++++ Supplied data
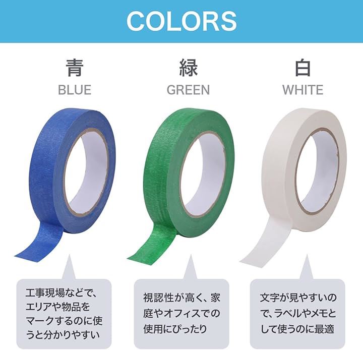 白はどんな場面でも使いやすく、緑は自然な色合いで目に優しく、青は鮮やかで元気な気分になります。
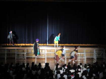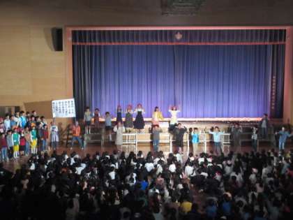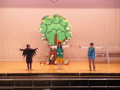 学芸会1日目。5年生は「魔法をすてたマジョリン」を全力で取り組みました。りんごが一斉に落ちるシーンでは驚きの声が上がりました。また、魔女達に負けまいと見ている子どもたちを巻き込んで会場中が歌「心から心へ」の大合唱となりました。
++++++++
++++ Supplied data
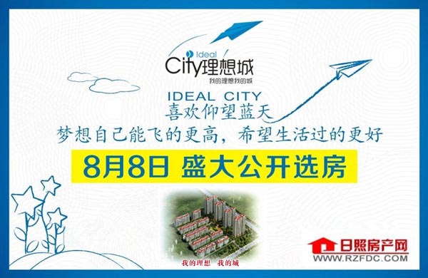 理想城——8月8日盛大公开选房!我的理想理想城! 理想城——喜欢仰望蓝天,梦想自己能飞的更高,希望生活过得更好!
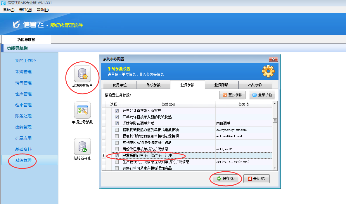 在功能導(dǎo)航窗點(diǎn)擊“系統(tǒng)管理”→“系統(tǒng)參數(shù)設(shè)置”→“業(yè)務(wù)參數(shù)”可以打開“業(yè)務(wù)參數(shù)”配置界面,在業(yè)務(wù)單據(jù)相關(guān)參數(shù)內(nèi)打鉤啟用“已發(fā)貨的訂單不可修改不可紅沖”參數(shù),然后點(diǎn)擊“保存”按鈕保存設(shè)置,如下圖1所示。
++++++++
→ **Your task**
Output only the stretch above from the line with "理想城——8月8日盛大公开选" through the line with "在功能導(dǎo)航窗點(d", reproduced exactly. Exclude pictures.

→ **Completed task**
 理想城——8月8日盛大公开选房!我的理想理想城! 理想城——喜欢仰望蓝天,梦想自己能飞的更高,希望生活过得更好!
 在功能導(dǎo)航窗點(diǎn)擊“系統(tǒng)管理”→“系統(tǒng)參數(shù)設(shè)置”→“業(yè)務(wù)參數(shù)”可以打開“業(yè)務(wù)參數(shù)”配置界面,在業(yè)務(wù)單據(jù)相關(guān)參數(shù)內(nèi)打鉤啟用“已發(fā)貨的訂單不可修改不可紅沖”參數(shù),然后點(diǎn)擊“保存”按鈕保存設(shè)置,如下圖1所示。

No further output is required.